» **PROBLEM DETAILS**
An exact reproduction of the data below is expected, free of images.

» **DATA EXCERPT**
◆ ◆ ◆ ◆ ◆ ◆ ◆

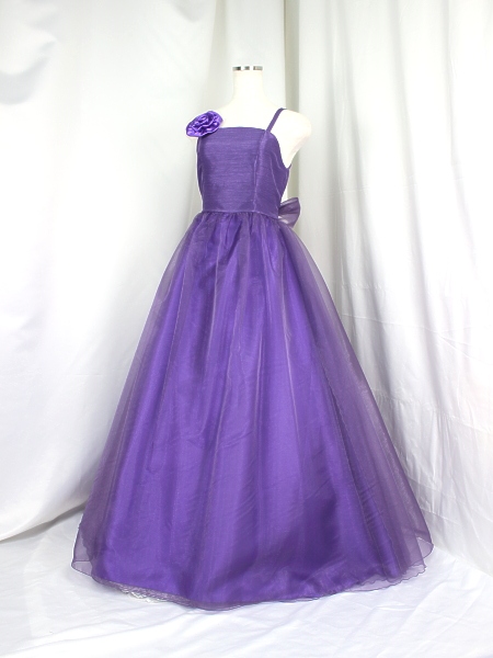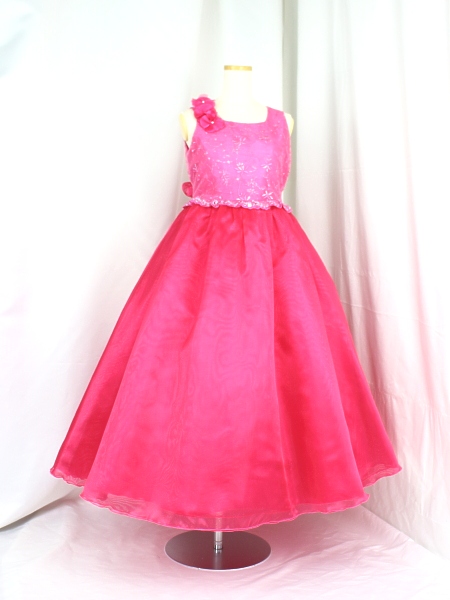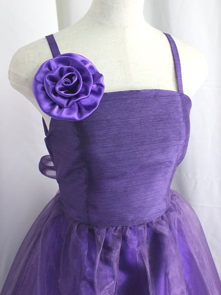身ごろはレース、スカートはオーガン。 右肩はキャミソール、左肩はノースリーブになっています。右肩のお花は安全ピンどめで取り外しできます。写真撮影には別途パニエを使用しております。このドレスは即納できます。お胸周り84cm おなか周り76cm みごろ丈38cm 総丈138cm。
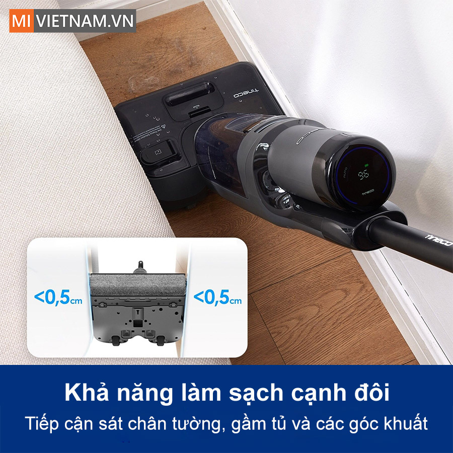 Không giống các máy hút bụi truyền thống thường để sót bụi ở mép tường, máy hút bụi lau sàn khô ướt Tineco FLOOR ONE S6 Stretch Extremeđược thiết kế với khả năng làm sạch cạnh đôi, cho phép chổi lăn tiếp cận sát chân tường, gầm tủ và các góc khuất. Đây là tính năng đặc biệt hữu ích với những không gian hẹp, hoặc khu vực có nhiều vật dụng kê sát vách mà bạn không muốn phải lau lại bằng tay.
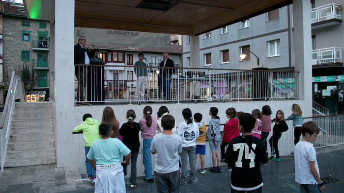 Mikrofonoa utzi eta kioskotik jaisterakoan, adi-adi entzuten egondako ume guztiak gerturatu zitzaizkion. Eskaileretan inguratu zuten eta banan-banan argazkia atera zuten hain gazte baina jada erreferente den ermuarrarekin.
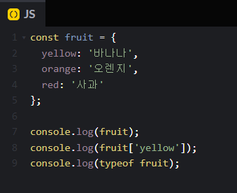 오브젝트 변수에 할당된 값을 불러올 때는 key값['value값']의 형태로 불러온다.

◆ ◆ ◆ ◆ ◆ ◆ ◆

» **RESULT FOR THIS TASK**
身ごろはレース、スカートはオーガン。 右肩はキャミソール、左肩はノースリーブになっています。右肩のお花は安全ピンどめで取り外しできます。写真撮影には別途パニエを使用しております。このドレスは即納できます。お胸周り84cm おなか周り76cm みごろ丈38cm 総丈138cm。
 Không giống các máy hút bụi truyền thống thường để sót bụi ở mép tường, máy hút bụi lau sàn khô ướt Tineco FLOOR ONE S6 Stretch Extremeđược thiết kế với khả năng làm sạch cạnh đôi, cho phép chổi lăn tiếp cận sát chân tường, gầm tủ và các góc khuất. Đây là tính năng đặc biệt hữu ích với những không gian hẹp, hoặc khu vực có nhiều vật dụng kê sát vách mà bạn không muốn phải lau lại bằng tay.
 Mikrofonoa utzi eta kioskotik jaisterakoan, adi-adi entzuten egondako ume guztiak gerturatu zitzaizkion. Eskaileretan inguratu zuten eta banan-banan argazkia atera zuten hain gazte baina jada erreferente den ermuarrarekin.
 오브젝트 변수에 할당된 값을 불러올 때는 key값['value값']의 형태로 불러온다.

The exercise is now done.